Within the same time frame as the inspection by FDA, Wuxi said that their facility successfully passed two additional pre-approval inspections that were conducted for a couple of innovative drugs by NMPA, which happens to be China’s regulatory agency.
Minzhang Chen, who is the co-chief executive at WuXi AppTec as well as chief executive of WuXi STA said in a statement that he was very pleased that the Waigaoqiao drug product platform had successfully passed the first PAI by the U.S. FDA. He went on to add that it is another milestone for them as the company will start providing commercial drug product manufacturing services to the U.S.

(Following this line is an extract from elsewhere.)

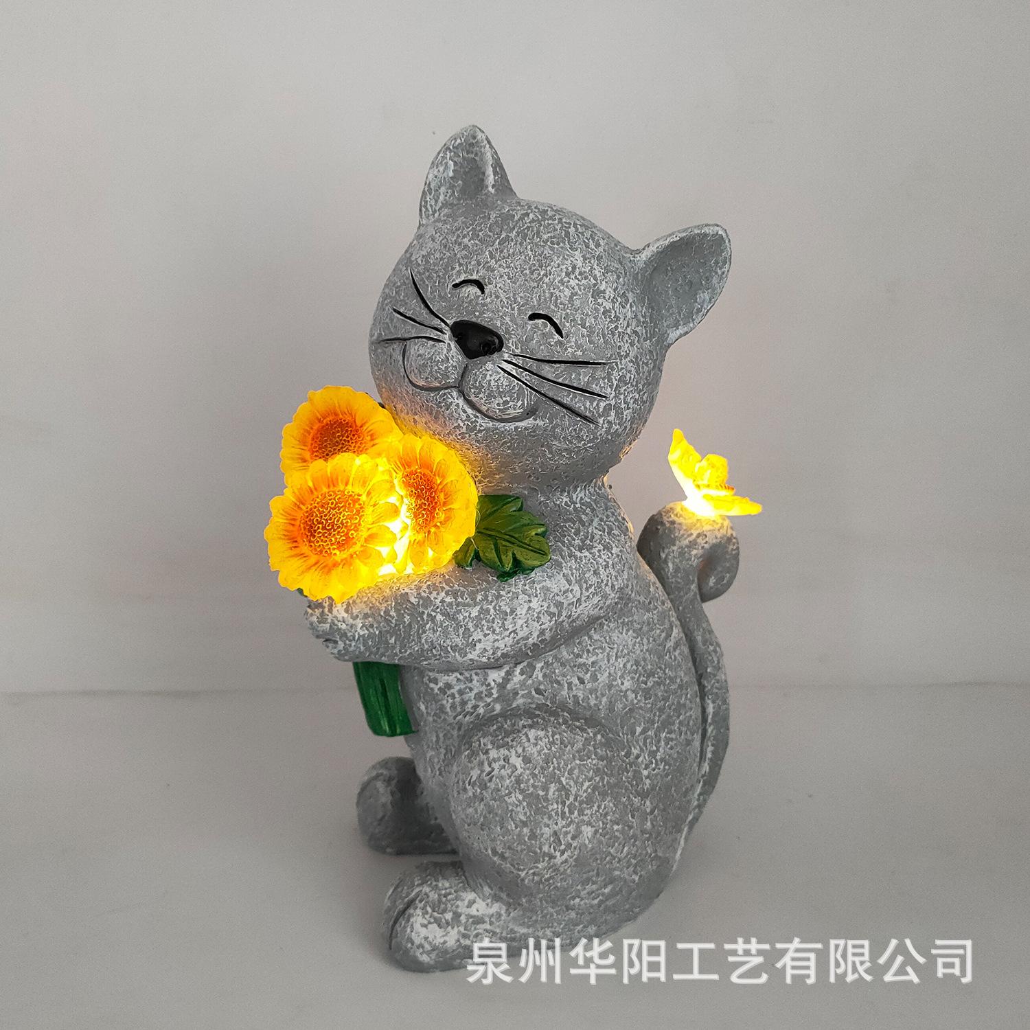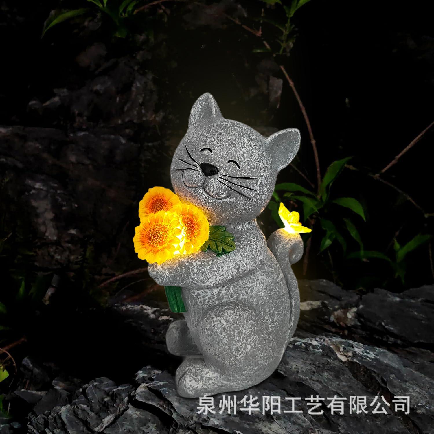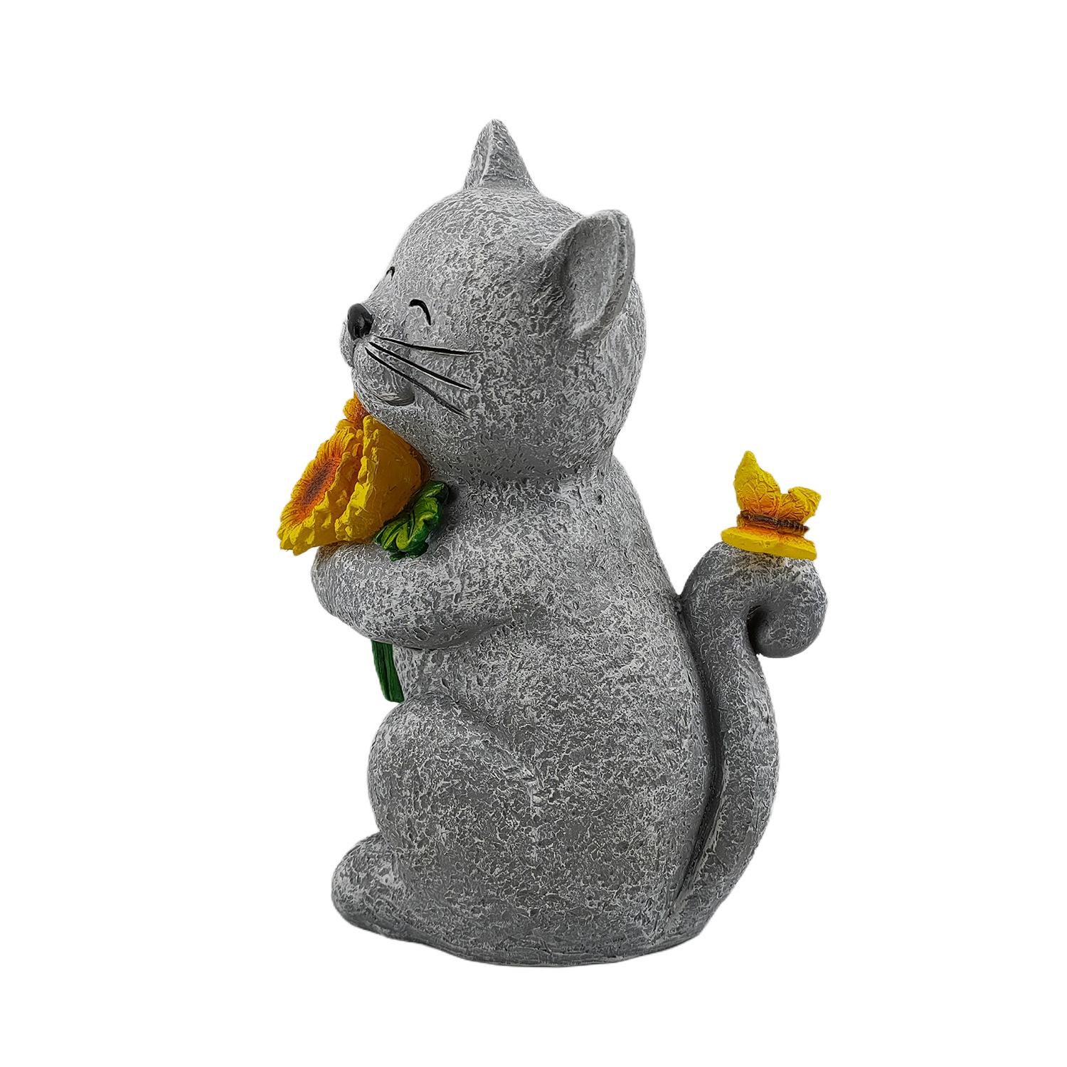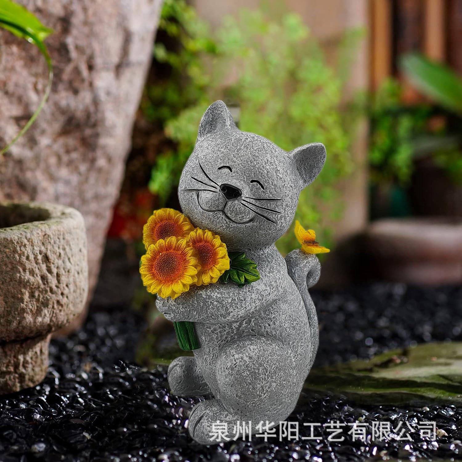 Compra Nuevo Estatua de Jardín Solar Transfronteriza Gato Sosteniendo Flor de Girasol Iluminación Decoración de Patio Césped Regalo de Inauguración de Casa al por mayor en Joom.pro

The new facility near Shanghai can take care of pre-formulation, formulation development, solid-state development, and also commercial manufacturing that would span oral dosage forms range. It was not so long back in August of 2019 that WuXi Biologics had said that it would spend to the tune of $20 million to build a 60,000 sq.mt. site nearby Shanghai to manufacture antibody-drug conjugates which would be a part of its efforts to bloat the production capacity.